Inflammation is a crucial contributor toward pathology of diseases implicated in skeletal muscle dysfunction [25,49,50]. Binding of AGEs to AGE receptors including RAGE and TLR4 are potent inducers of inflammatory responses [22]. Inhibition of RAGE and TLR4 effectively reversed the AGE-induced inflammatory signaling [22,51]. In the present study, Brazilian propolis showed no effect of mRNA expression of RAGE, but prevented MGO-treated induction of IL-1β, IL-6, and TLR4 (Figure 4). Consistent with this observation, previous studies have shown that propolis inhibits production of IL-1β in human immune cells [52] and IL-6 in murine macrophages [53]. The current study is the first study that shows that Brazilian propolis has a protective effect on AGE-induced inflammatory responses in the skeletal muscle.

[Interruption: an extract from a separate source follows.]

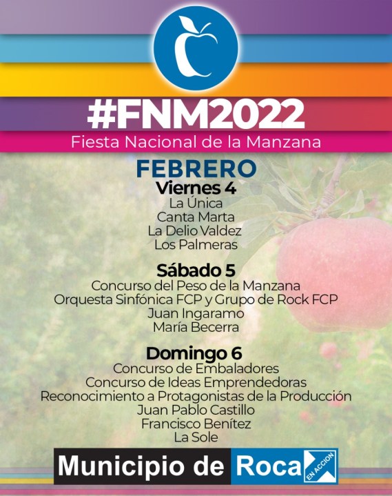 La edición 2022 de la Fiesta Nacional de la Manzana ya tiene grilla de artistas para el escenario mayor. En esta ocasión abarcará diferentes géneros incluyendo rock, pop, trap, cumbia y folklore, con figuras y grupos de renombre nacional y regional.

Among the various components of Brazilian propolis [27,28], kaempferide [54], ferulic acid [55], and caffeic acid derivatives [56] are established inhibitors of AGE formation. Furthermore, it has been shown that propolis-induced anti-inflammatory responses may occur due to the synergistic effect of its compounds, artepillin C [57], coumaric acid and cinnamic acid [53], and hesperidin, quercetin, and caffeic acid derivatives [52]. Flavonoid compounds also have a stimulating effect on the glyoxalase system and thereby contribute to neuroprotection [58]. Collectively, the protective activity of propolis against glycation stress in the skeletal muscle may be attributed to the combined biological activity of these phenolic compounds.

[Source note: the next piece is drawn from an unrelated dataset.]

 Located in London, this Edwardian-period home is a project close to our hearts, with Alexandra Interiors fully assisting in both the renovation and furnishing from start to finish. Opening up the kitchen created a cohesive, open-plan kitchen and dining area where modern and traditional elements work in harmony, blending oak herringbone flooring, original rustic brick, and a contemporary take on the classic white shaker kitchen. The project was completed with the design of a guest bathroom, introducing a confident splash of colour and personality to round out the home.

Food and fluid intakes were significantly affected by propolis and/or MGO treatment (Table 2). Food intake was reduced in the MGO + PRO group compared with that in the other groups, thus suggesting that MGO + PRO group received a lower contribution from propolis. However, the beneficial effects of propolis, including reduced AGEs accumulation and inflammatory responses, were confirmed in this group. Fluid intake was affected by treatment with MGO and/or propolis, but there was no difference between the MGO and MGO + PRO groups, thus indicating that the beneficial effects of propolis in the MGO + PRO group, including reduced MGO-derived AGEs content and inflammatory responses, were not caused by decreased MGO consumption. Therefore, we believe that the difference of food and fluid intakes does not influence the conclusions of this study.

5. Conclusions

The present study revealed that Brazilian propolis protects against MGO-induced glycation stress in mouse skeletal muscles. Brazilian propolis inhibits the accumulation of AGEs, promotes MGO detoxification, and reduces the levels of proinflammatory cytokines. However, Brazilian propolis does not prevent glycation-induced muscle mass reduction. These bioactivities of Brazilian propolis may be effective to protect skeletal muscle dysfunctions induced by aging and pathogenesis.